Am besten nimmst du ein Mini-Paket von einem Provider.
z.B. die Webadresse 3.0 von Puretec. Da hast du mit Bannertausch für 60 Pf. im Monat eine auf dich registrierte Domain mit Weiterleitung und Emails. Das reicht dir um deine Domain zu sichern. Ein paar Programme kriegst du noch dazu.


----------



## d-beam (2. November 2001)

ICH WILL SIE KAUFEN, NICHT MIETEN! :[


----------



## lexi (3. November 2001)

Du kannst bei der Denic eG (http://www.denic.de) domains zum Einrichtungspreis von
Euro 116,00  (DM 226,88)  und jährlicher Pflegegebühr von Euro 58,00  (DM 113,44) kaufen.. DNS-Server kosten genausoviel.. (eine Domain!!!)


----------



## Moartel (3. November 2001)

> _Original geschrieben von d-beam _
> *ICH WILL SIE KAUFEN, NICHT MIETEN! :[ *


Du mietest nur die Umleitung und die Emails etc.
Da du als Admin-C eingetragen wirst gehört dir die Domain. Das Angebot der Denic würde ich sein lassen da es zu teuer ist.


----------



## Dominik Haubrich (3. November 2001)

Du kannst keine Domain kaufen, sondern immer nur für einen festgelegten Zeitraum "mieten". Solange Du schön deine "Miete" zahlst, bleibt die Domain dir auch erhalten.
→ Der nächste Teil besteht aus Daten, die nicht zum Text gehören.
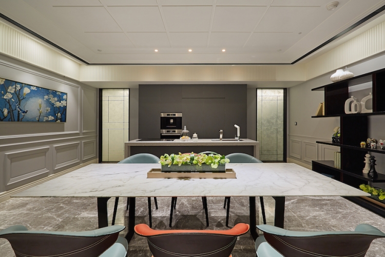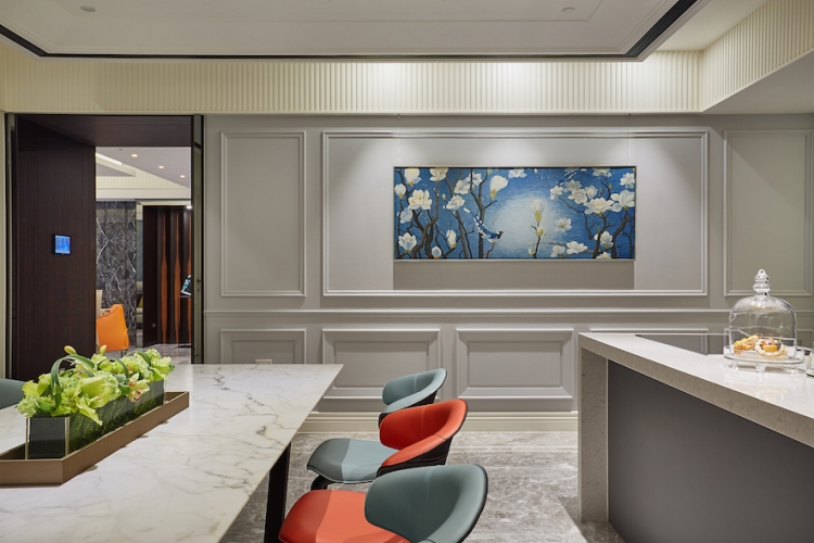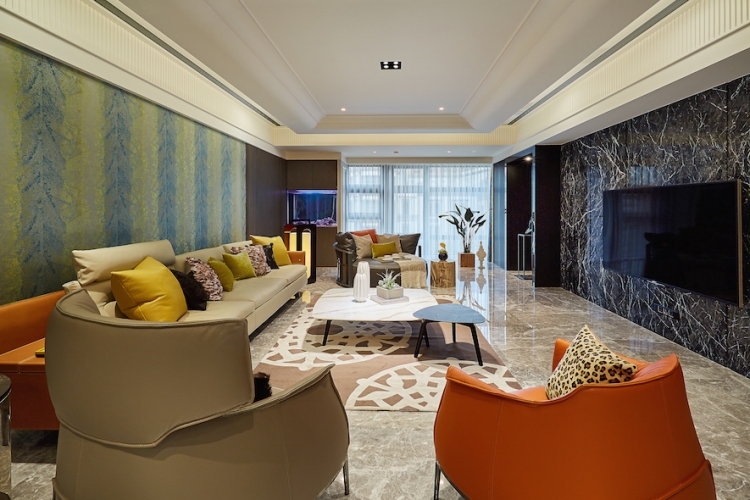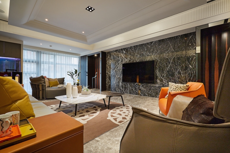藍鵲是台灣國鳥,牠們是最具有家庭觀念的鳥類,會成群行動感情忠貞,用此來展現家庭和合,主題訂定以後,設計團隊選用自然材質與百年品牌互相搭配, 彰顯出空間的獨特及多元性,藍鵲為設計主軸,沙發背牆上翠綠相間絲綢象徵棲息樹林意念,家具選用百年品牌 Poltrona Frau,洗練的線條與獨樹風格的車縫線,具體展現了義大利傳統皮革工藝的高超,溫潤的橘色調和安格斯大理石牆的生冷,略帶弧型的天花板,有個性卻不過分張揚的線條輪廓,同樣彰顯優雅的義式美學。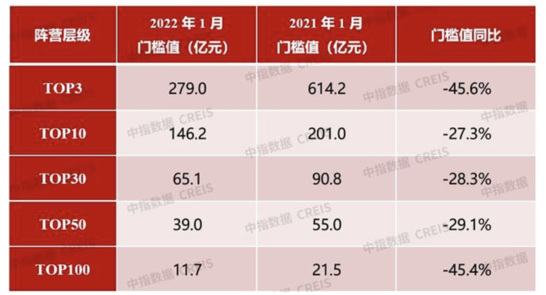 各阵营增长率全部下滑、门槛值次第下滑,百亿房企数量比去年同期减少近一半。

Ausnahme: Domains, wo eine andere Partei einen grösseren Anspruch drauf geltend machen kann, als Du selbst. Bei generischen Namen (Beispiel: tutorials.de) ist dies natürlich nicht möglich - gottseidank


----------



## Nils Hitze (3. November 2001)

*Generisch ?*

Das musst du mir jetzt erklären Ibi.

Pfote, Kojote


----------



## Husky (4. November 2001)

Ganz einfach. alle .de domaisn gehoeren der denic. sie kann damit machen was sie will. du kannst nur eine umleitung kaufen. diese umleitung is nur ne bestimmte zeit gültig. dann musst du wieder zahlen. ausserdem kann man nur bei der denic kaufen wenn man nen eigenen webserver hat. wobei man sich dann domains trotzdem noch biliger sichern kann über seinen standleitungs ISP(meistens zumindest).

also das mit der denic is nur was für firmen. eigentlich nur was für ISPs die dann super sonder konditionen haben weil sie sowieso so viele kaufen.


----------